In early 2002, Microsoft shipped .NET, a suite of new technologies for Windows first announced in the summer of 2000. The attendant media frenzy concentrated on its support for web services, but .NET has far greater scope than that—it could change the way all Windows programs are written. .NET offers greatly improved productivity to developers by replacing swathes of the Win32 API with new, much higher level object-oriented APIs, allowing you to focus on the task at hand without being distracted by myriad petty details.

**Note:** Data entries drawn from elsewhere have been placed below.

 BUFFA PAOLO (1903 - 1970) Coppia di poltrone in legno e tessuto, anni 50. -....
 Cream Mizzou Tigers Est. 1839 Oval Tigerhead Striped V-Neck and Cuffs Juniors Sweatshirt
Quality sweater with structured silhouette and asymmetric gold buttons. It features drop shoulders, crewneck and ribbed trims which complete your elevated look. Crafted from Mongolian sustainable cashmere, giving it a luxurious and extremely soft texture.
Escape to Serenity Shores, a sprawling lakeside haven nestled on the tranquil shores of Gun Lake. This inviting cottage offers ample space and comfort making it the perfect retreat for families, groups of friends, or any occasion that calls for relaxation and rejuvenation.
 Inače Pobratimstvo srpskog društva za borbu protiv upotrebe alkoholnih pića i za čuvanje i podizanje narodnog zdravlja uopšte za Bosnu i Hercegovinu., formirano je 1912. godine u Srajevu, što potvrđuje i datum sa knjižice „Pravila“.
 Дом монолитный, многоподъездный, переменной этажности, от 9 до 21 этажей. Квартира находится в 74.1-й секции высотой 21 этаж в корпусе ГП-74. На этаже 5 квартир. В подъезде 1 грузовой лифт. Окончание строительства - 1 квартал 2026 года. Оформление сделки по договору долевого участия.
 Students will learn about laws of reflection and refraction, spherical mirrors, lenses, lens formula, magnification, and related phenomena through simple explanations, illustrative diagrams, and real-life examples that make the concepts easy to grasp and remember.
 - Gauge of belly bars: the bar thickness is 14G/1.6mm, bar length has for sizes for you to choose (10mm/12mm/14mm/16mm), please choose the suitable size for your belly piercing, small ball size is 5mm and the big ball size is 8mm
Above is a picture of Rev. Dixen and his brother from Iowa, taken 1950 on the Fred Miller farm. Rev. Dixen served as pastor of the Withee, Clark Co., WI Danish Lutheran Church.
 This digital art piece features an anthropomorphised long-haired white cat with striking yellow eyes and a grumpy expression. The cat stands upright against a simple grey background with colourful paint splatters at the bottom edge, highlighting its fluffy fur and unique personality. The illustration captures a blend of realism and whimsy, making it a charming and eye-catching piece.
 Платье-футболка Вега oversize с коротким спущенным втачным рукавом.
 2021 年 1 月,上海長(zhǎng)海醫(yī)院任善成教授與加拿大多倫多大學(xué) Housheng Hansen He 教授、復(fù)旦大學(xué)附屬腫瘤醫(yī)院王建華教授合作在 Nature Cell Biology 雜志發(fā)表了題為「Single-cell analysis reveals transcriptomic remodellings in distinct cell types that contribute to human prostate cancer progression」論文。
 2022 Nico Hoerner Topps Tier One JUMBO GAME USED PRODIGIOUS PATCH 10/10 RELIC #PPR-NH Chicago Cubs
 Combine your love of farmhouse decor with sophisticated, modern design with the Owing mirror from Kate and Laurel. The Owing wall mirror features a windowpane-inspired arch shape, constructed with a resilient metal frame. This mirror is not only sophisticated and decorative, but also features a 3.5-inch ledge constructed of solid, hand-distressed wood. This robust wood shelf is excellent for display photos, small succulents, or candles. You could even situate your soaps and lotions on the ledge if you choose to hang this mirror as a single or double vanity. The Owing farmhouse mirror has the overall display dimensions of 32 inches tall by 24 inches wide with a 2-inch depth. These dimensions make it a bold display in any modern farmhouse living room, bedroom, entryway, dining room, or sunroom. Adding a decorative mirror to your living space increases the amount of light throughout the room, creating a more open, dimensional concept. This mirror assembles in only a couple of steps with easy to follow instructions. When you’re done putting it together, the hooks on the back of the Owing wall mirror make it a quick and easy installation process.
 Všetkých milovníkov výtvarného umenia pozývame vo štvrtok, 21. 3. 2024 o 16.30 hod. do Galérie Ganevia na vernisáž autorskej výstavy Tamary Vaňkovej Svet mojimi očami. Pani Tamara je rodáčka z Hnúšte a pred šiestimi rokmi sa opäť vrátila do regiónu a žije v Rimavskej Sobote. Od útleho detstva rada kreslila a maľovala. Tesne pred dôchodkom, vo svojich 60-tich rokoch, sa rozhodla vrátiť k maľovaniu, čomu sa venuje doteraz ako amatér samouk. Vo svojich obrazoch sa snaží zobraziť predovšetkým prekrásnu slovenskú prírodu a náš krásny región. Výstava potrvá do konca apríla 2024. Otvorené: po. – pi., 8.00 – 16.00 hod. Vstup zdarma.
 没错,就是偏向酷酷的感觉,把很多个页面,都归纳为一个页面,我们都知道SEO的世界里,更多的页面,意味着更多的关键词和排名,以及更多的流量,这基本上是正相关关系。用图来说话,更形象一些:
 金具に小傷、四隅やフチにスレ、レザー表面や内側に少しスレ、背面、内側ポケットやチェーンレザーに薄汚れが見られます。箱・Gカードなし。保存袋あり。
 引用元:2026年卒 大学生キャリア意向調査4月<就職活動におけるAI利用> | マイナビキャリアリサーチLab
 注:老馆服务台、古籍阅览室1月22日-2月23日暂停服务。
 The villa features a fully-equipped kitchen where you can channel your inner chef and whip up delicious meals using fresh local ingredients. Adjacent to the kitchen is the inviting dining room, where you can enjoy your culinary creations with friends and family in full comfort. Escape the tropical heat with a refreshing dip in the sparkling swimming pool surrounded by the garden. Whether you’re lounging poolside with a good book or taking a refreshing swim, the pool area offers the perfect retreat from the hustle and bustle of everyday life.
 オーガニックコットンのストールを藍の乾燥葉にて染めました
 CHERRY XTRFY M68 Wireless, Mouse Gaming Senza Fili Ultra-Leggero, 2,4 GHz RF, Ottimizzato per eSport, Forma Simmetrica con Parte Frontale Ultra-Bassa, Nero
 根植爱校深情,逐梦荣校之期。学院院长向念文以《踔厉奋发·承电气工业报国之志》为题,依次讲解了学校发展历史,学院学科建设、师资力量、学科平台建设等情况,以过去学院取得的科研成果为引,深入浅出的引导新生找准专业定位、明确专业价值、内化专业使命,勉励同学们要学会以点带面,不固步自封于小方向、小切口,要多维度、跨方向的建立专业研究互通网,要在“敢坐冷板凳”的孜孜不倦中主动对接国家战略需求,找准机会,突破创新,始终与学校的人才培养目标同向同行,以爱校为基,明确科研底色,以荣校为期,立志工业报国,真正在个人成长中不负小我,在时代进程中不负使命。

This book is about the technology behind Windows applications that run on this new .NET platform. In particular, it focuses on rich client applications—i.e., traditional interactive programs with a graphical user interface (GUI) that run locally on your computer. Although web applications have become very popular in recent years, experience with these thin clients has taught us that there is still very much a place for the more traditional style of Windows application. If you’ve ever had to switch from Outlook to a web mail service when working away from the office, you know just how much web applications leave to be desired.
The new programming interface for writing Windows applications with GUIs is called Windows Forms. This replaces all the old programming models, and not just the C++ favorites, such as MFC or raw Win32, but also the Forms package used in Visual Basic 6.0 and earlier. Windows Forms combines the best features from all these models, and it is the long term future of Windows development.
It is important to understand why Microsoft decided to make such sweeping changes to Windows software development. Deprecating all the APIs used by the vast majority of programs seems like a wildly irresponsible move calculated to alienate anyone who ever wrote a Windows application. And yet, the majority of developers who look at .NET in any detail soon become big fans, especially those from a C++ background.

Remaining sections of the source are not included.